Bob Hallinen / Anchorage Daily News  Simon, a Savannah cat, Nov. 7, 2008 in west AnchorageBob Hallinen / Anchorage Daily News Simon, a Savannah cat, Nov. 7, 2008 in west Anchorage

He’s the hybrid that was ordered to be deported back in late 2008, spurring efforts to legalize hybrids statewide. Simon was reportedly a quarter serval, meaning he’d still be illegal under the new rules.

By the state’s math, a fourth-generation hybrid would be more than 6 percent wild.

“The great-great grandchildren of the breeding of a wild cat would be the first one that would be eligible,” said Dale Rabe, deputy director for Fish and Game's Wildlife Conservation.

The vote was a close one: 4 to 3.

“If the regulations had been less stringent, it would have been a failed effort,” Rabe said.

SALVAGE REQUIREMENTS

As the trial began this week for the remaining Point Hope caribou hunters accused of wasting caribou meat in 2008, the board voted against a related proposal that would have loosened requirements for salvaging game. The proposal was originally a regional request by the Arctic Advisory Committee, who proposed allowing hunters to leave meat that they considered diseased.

The board in November delayed that request to the Anchorage meeting, considering it a statewide issue.

But over the weekend, North Slope Borough biologist Brian Pearson told the board that the regional advisory council didn’t intend for the rule to be applied statewide and didn’t support it as such.

In voting down the proposal, “several board members pointed out that they heard virtually no other testimony in favor of it,” said Fish and Game spokesman Bruce Bartley.

POTLATCH MOOSE

The Alaska Supreme Court has ruled that the state must allow people to take game for religious ceremonies. But there’s been confusion over the state law, which appeared to ban potlatch kills in non-subsistence areas.
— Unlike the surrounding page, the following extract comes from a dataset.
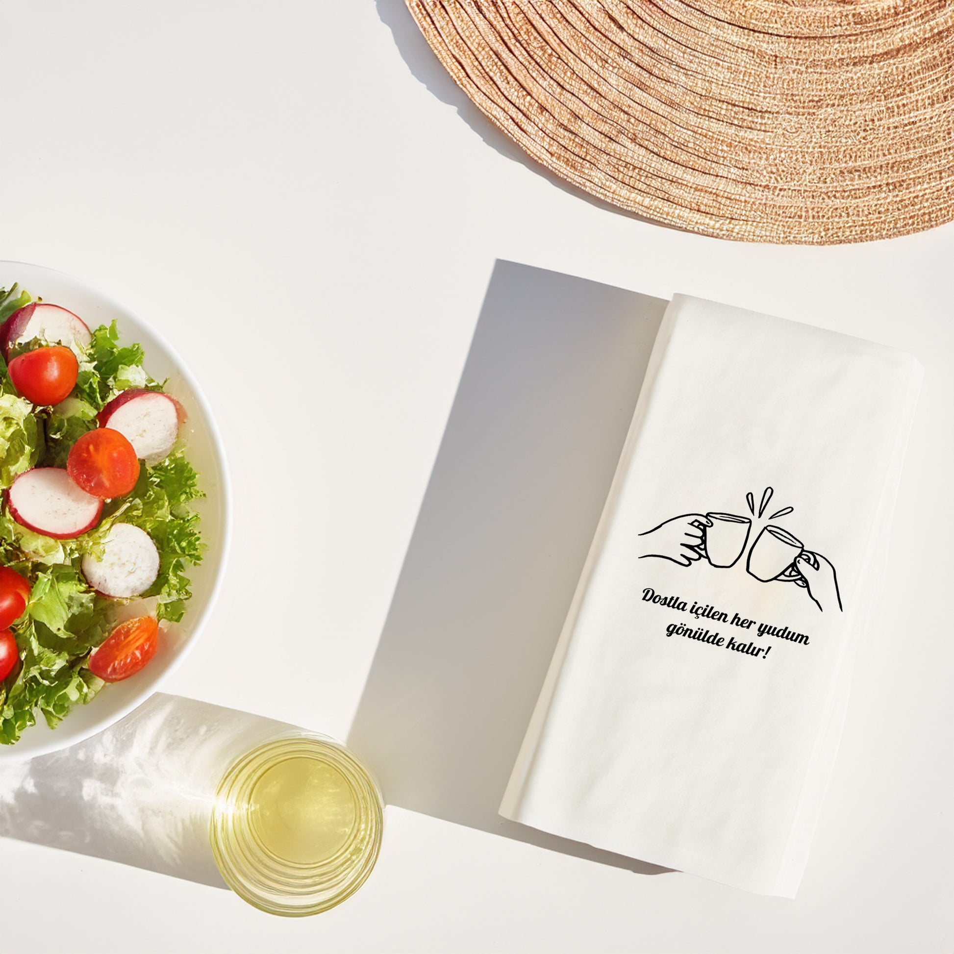 Tasarım, peçetenin ön yüzünde tam merkezde olacak şekilde yüksek çözünürlüklü baskı ile uygulanır. Dilersen özel konumlandırma taleplerini de iletebilirsin.
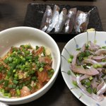 イワシの刺身 高根ニジのポキ タチウオのネギポン酢 https://twitter.com/jjwtpgnwxt/status/1594660525962846209/photo/1

Those areas are generally the most populated in the state and include Anchorage, the Kenai Peninsula, Fairbanks and parts of the Valley.

The board voted 6-1 to clarify the rules, making it clear you can kill game for funeral and memorial potlatches in non-subsistence areas while adding new reporting requirements. Beginning July 1, hunters will have to get approval of an Alaska Native tribal chief, village council president, clan leader or other official, said Deputy Fish and Game Commissioner Pat Valkenburg.

The hunter and the village or tribal official will be required to carry a “ceremonial harvest report form” from Fish and Game for kills in non-subsistence areas and in the Nelchina Basin, where Ahtna Inc. sought to play a larger role in oversight of potlatch hunts.

“The village chief will be the one that gives the permit to the individual and then the village chief will turn around and report the permit to fish and game," said Board chairman Cliff Judkins.

Valkenburg explains:

“What we’re trying to do is accommodate both the concerns of the Anchorage, Mat-Su and Fairbanks advisory committees, where they see this an essentially unsupervised, open-ended way for people to harvest more moose – especially in their areas where competition for moose is fairly high. ... But also to accommodate Native concerns that they need to be able to take moose in non-subsistence areas to have a reasonable accommodation.

"And then also to accommodate Native concerns that they want it to be organized," he said. "They where as much in favor of having more organization to the thing as the department was.”

In all areas of the state, Alaska Native leaders will be required to keep records of potlatch kills and provide them to Fish and Game upon request, Valkenburg said. The Department will keep a list of areas where potlatch hunts will still be off limits because of low game numbers.

PREDATOR CONTROL

The board also rejected a proposal that would have barred non-residents for hunting in predator control areas where subsistence needs aren’t being met, according to The Associated Press:

Supporters of the proposal said it would have reserved moose and caribou for Alaska residents in areas where predator control is operating. Supporters pointed out that Alaska law mandates that moose and caribou be a priority subsistence resource for Alaska residents.

But the Alaska Department of Fish and Game said it is an allocation issue the board should decide on a case-by-case basis.